I have solved the original problem on my own and understand what happened, but I’m posting the situation here in hopes of (1) sharing my solution to benefit others and (2) enhancing my own knowledge by clarifying a confusing paragraph in the UE documentation. My project is in UE 5.0.3 (we haven’t upgraded this one yet.)
Situation and Original Problem
I made a Dynamic Mesh Actor subclass (Blueprint this time, but the discussion would apply to C++ as well) that presents a simple box primitive with two gizmo handles for the designer to place opposite corners of the box. I’m creating a tool for our designers that lets them define a “soft boundary” for players. The designer sizes the Blueprint object to define the soft boundary, and my Blueprint automatically creates an invisible “hard boundary” wall that follows the longer (of X and Y) axis and uses ordinary blocking collision to stop the player Pawn. There is an OnBeginOverlap/OnEndOverlap event pair on the soft boundary box to provide a gentle HUD cue that the player is approaching the edge of the map.
The obvious settings were enabled on both the player Pawn:
- Generate Overlap Events: ON
- Collision Presets (Pawn’s collision capsule): Pawn
- Collision Presets (Dynamic Mesh Actor): Trigger
- Collision enabled on both Actors
- The BP function that creates/updates the “soft boundary” box calls the API functions to ensure the above collision settings after rebuilding the mesh.

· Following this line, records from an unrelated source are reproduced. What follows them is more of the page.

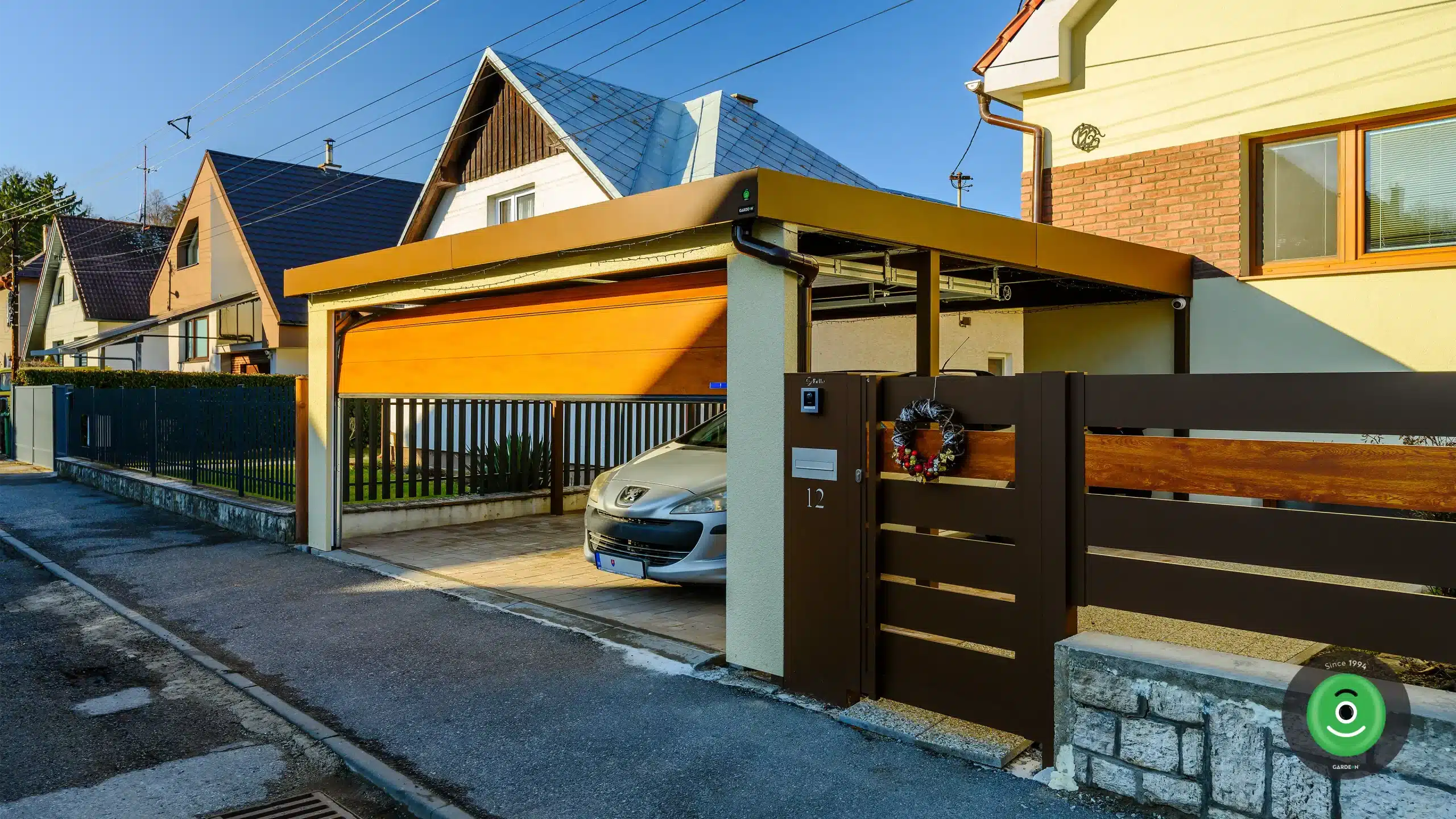 A garázskapuval és oldalfalakkal ellátott kocsibeálló fedett és biztonságos parkolást, biztonságos bejáratot és elegáns kerítést biztosít. Mindezt minimális helyigénnyel és kedvező áron.
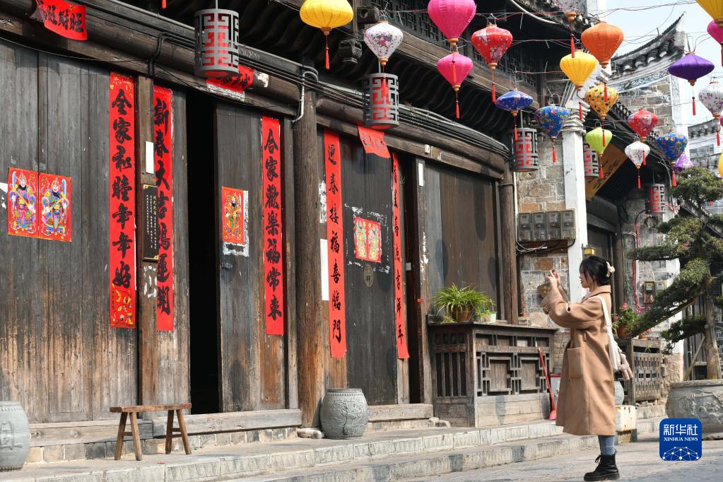 2月1日,游客在舊州古鎮游覽、拍照。
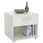 – Die Nachtkommode ist aus Spanplatte in E1-Qualität gefertigt mit einer melaminharzbeschichteten Oberfläche in weiß matt.
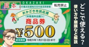 使い方はとてもシンプルです。自宅に届いた500円券を、岡崎市公式ページに掲載されている取扱店舗で会計時に渡すだけです。特別なアプリ登録や事前申請は不要です。
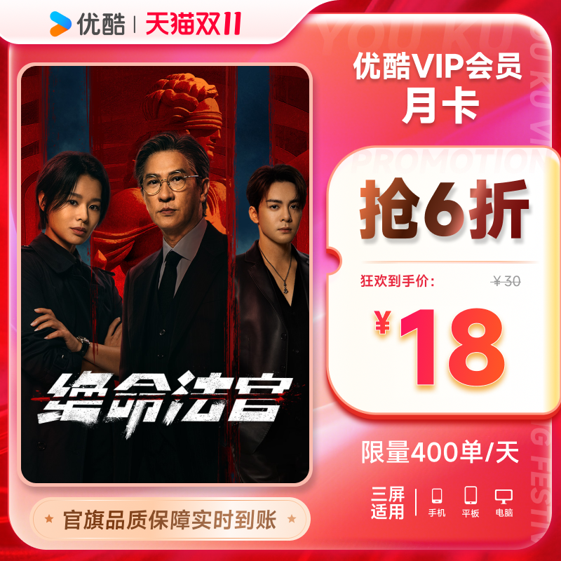 优酷会员月卡 月 官方充值优酷vip月卡优酷影视 老用户15元
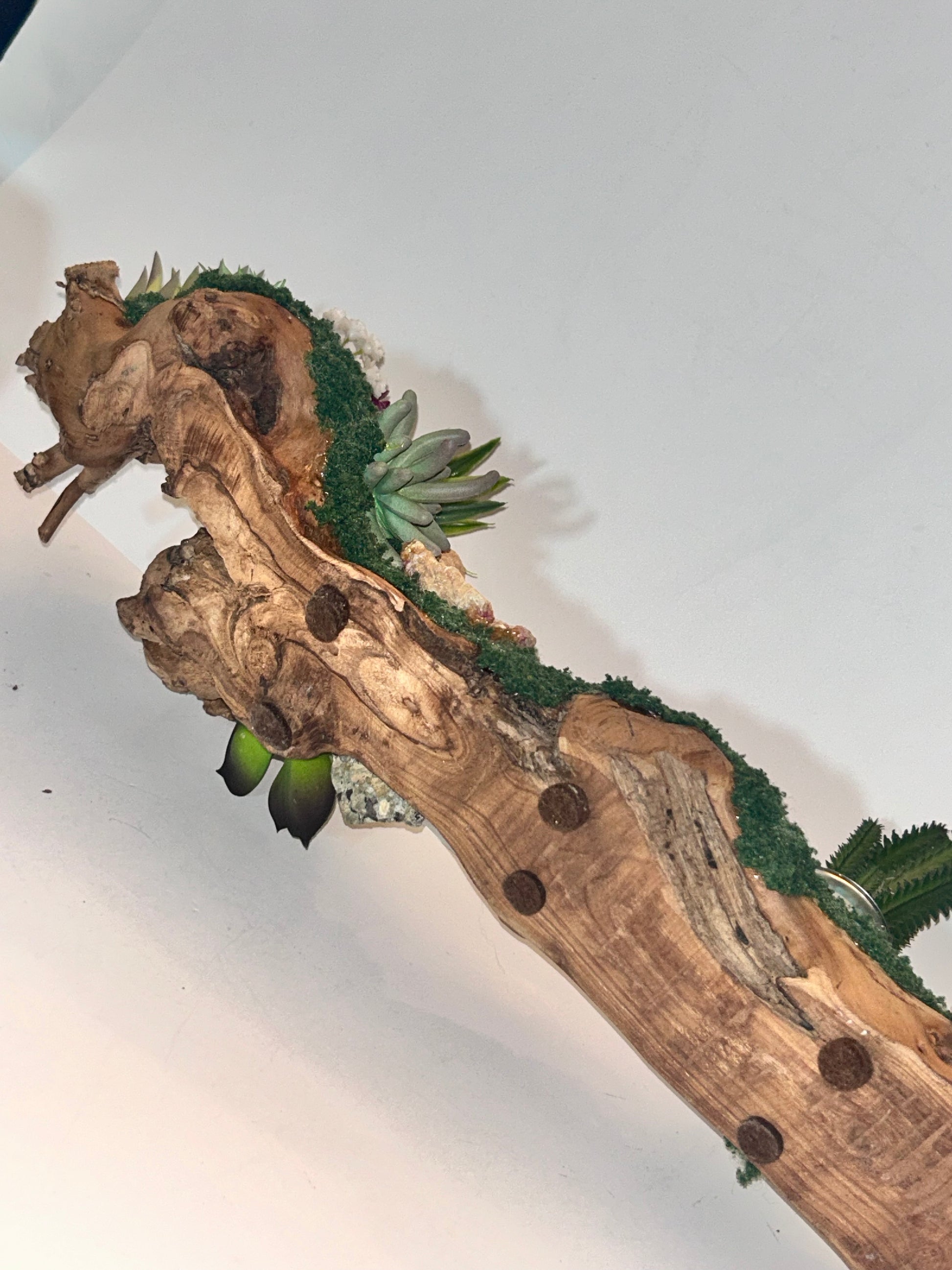 - Base: A substantial, artfully shaped piece of natural driftwood.

- For initial testing, the inner “hard boundary” was omitted to avoid interference.
- The Dynamic Mesh Actor BP calls Update Collision and overrides deferral.
I snagged the overlap events on the Dynamic Mesh Actor (the trigger box) and on the player Pawn (which uses a custom Blueprint based on the standard third person. character).
When I tested, the Pawn’s overlap events fired – but not reliably – and the Dynamic Mesh Actor’s overlap events did not fire at all. The Pawn’s events also fired (as expected) when its capsule collider slightly penetrated a step-up Static Mesh Actor. (For testing, I displayed a debug string even if the other Actor wasn’t of interest.)
Solution to Original Problem
The solution was to set the Dynamic Mesh Actor collision to “Use Complex Collision as Simple”. It appears that the Dynamic Mesh needs to use its complex collision mode even if its shape happens to match a simple collision primitive – at least, that is the default situation.
Once I made that change, everything works perfectly, including the inner “hard boundary” with its blocking collision.
Follow-Up Questions and Discussion
Along the way to solving this problem, I encountered the following text in the official UE documentation (Trigger Volume Actors in Unreal Engine | Unreal Engine 5.1 Documentation):
Triggering Events
Triggers are used to activate events placed inside of the Level Blueprint.
My first question is whether that statement is correct. Once I fixed the collision mode, the overlap events are working just fine in several Blueprints that are not the Level Blueprint. In fact, the Level Blueprint is empty for this level. I did verify that the overlap events also work in a trivial Level Blueprint (no surprise…), but this sentence seems to me to imply they would not be intended for use elsewhere. Can someone clarify the intent of this statement in the docs?
Secondly, short of procedurally creating a TriggerBox Actor matched to the current size of the Dynamic Mesh, or copying the Dynamic Mesh to a Static Mesh, is there a procedural way to add a simple collision primitive to the Dynamic Mesh? If so, is it worth doing that as a performance optimization, or is a “complex” collision reasonably efficient on a convex mesh with only 12 triangles?
Third, in my search for a solution I encountered a forum post stating that Dynamic Mesh overlap events fire based on an implied “skin” of about 100 cm thickness, and that on large Dynamic Mesh Actors the center is treated as being “outside”. Is that correct for UE 5.1.1, and if so, does anyone know if it’s intentional?
I appreciate any comments and suggestions. What I have is working, but I don’t want to develop bad coding habits, so please tell me if I solved this in the wrong way.
As a final note, I realize I could have attached a custom BP component to a standard TriggerBox object, or vice-versa. The reason I didn’t do that is that I wanted the designers to be able to drag corner gizmos and not have to set box sizes in the Details panel, and because I wanted to apply a custom translucent Material that’s easier to see in the editor and (during testing) at runtime. If there’s a better way to accomplish this, I’m open to rethinking my approach.